Myers wrote a desolate letter home to his friends lamenting what he had seen in a small, impoverished Hindu village in the countryside. The army had “lined up people from their houses, shot down the lines, killing close to six hundred.” The people in nearby villages heard the gunfire and fled. The rice mills were burned to charcoal, the rice to ash. The handful of villagers who had returned told their stories through sobs. A tall, frail Bengali man took Myers to his scorched house: “a room with a rice ash heap and charcoaled bed stead, nothing remained to show us that his three children and wife had lived there, died there. Another old man, pan stained teeth, mucus glazed eyes, (glaucoma or tears?), whimpered the loss of his family.” Some of the wounded had escaped to a Christian village, over two hours away by boat. They lay on a concrete floor. “Most have been hit in the hand, or arm; one woman with gangrene has left; a man with an abdominal wound died; a girl of eleven with a bullet hole through her frontal lobe, passing out her right temple, lies quietly, looking at her hand; she is silent but, miraculously, alive.”21
The overall death toll was hard to calculate precisely. “The whole objective of the West Pak army apparently was and is to hit hard and terrorize population into submission,” Blood wrote. Although unsure how many people had perished in Chittagong and elsewhere, he estimated that as many as six thousand had been killed in less than a week in Dacca alone.22
At the White House, Kissinger’s aides were shaken by Blood’s reporting. “I
t was a brutal crackdown,” says Winston Lord, Kissinger’s special assistant, who says he read some of the cables. “In retrospect, he did a pretty good reporting job,” says Samuel Hoskinson, about Blood. “He was telling power in Washington what power in Washington didn’t want to hear.”
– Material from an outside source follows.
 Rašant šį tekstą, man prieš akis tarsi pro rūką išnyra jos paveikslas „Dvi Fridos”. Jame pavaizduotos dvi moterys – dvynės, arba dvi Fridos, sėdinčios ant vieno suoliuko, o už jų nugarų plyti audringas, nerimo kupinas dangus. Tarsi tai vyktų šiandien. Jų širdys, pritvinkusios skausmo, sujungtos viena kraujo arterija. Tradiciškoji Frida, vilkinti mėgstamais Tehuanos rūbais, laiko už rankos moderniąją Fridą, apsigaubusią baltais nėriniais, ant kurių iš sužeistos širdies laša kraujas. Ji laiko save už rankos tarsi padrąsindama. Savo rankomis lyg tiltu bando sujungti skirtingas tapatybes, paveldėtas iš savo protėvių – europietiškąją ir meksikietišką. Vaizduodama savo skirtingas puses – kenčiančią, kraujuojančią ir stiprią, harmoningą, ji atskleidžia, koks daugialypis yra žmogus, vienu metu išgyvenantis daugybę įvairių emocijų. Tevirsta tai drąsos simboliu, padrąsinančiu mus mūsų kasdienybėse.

So, increasingly, was Hoskinson. He was shocked and saddened by the violence, which was unlike anything he had tracked before. While loyal to Kissinger and eager to please him, he was frustrated by the national security advisor’s lack of response to his warnings. He recalls, “It’s going over there, and there’s no sign of it.” He complained to Alexander Haig, Kissinger’s deputy national security advisor, that nobody was listening to him. “My old friend Al Haig is advising me, be careful, be careful. He didn’t want to get him too riled up.”
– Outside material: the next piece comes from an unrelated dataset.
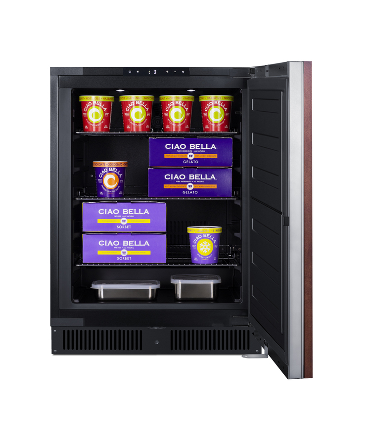 Summit manufactures the industry's largest selection of built-in appliances sized for use under lower ADA compliant counters, including frost-free freezers specially designed to match our popular ADA compliant refrigerators. Model ALFZ53IF is a 24" wide all-freezer that can be paired with our AL54PNR all-refrigerator. Sized at just 32" high, it can easily be installed under an ADA compliant counter. The fully finished black cabinet allows freestanding use, while the front-breathing system also allows this unit to be built-in with minimum clearance. The reversible stainless steel door features a European-style fully articulating hinge for zero clearance opening. We include a 2-piece bracket kit that allows easy installation of overlay panels to create a custom look that can seamlessly blend into your existing cabinetry design (panel size: 28.38" H x 23.4" W; maximum weight: 10 lbs.). This unit has a flush back for easy cleaning and a right angle plug for a better fit. A factory-installed lock is located in the kickplate. Inside, the ALFZ53IF utilizes frost-free operation with fan-forced cooling to ensure low maintenance and even temperature distribution. Recessed LED lighting offers an attractive yet efficient look inside the black interior. Three adjustable chrome shelves can be set at five different positions to best accommodate your storage needs. Additional user-friendly features include an open door alarm, high temperature alarm, and Sabbath mode setting that lets you disable some of the electrical elements during periods of observance. This unit features intuitive digital controls for easy temperature management. With its deluxe style and user-friendly features, this unit is the perfect choice for ADA compliant kitchens. It's a perfect match for our AL54PNR all-refrigerator, both panel-ready to create a truly custom refrigerator/freezer set under ADA compliant counters. Additional door finishes are available, including stainless and black stainless steel, and our new vibrant colors. Browse the full selection to explore your options.

Hoskinson says, “I began to feel a little bit more passionate about this—about the reporting we were getting from the Dacca consulate.” He was mystified. “I really didn’t understand why they were leaning so much toward West Pakistan.” Hoskinson knew the depth of Bengali nationalism, and saw a tragedy in the making. Trusting his own regional expertise, he tried to educate Kissinger about a brewing revolution, to no avail. He says, “Why doesn’t Kissinger understand? Why doesn’t he understand the realities there and adjust policy accordingly? We don’t understand why they don’t understand what we understand.”
Harold Saunders, the senior White House official on South Asia, channeled Hoskinson’s emotion into a tentative approach to Kissinger, gingerly asking him to reconsider their policy. Saunders and Hoskinson used Blood’s cables to put the lie to Nixon and Kissinger’s hopes for a quick Pakistani military success: “the Pakistan army has failed to achieve its initial objective of cowing the Bengalis quickly with a ruthless campaign of terror.”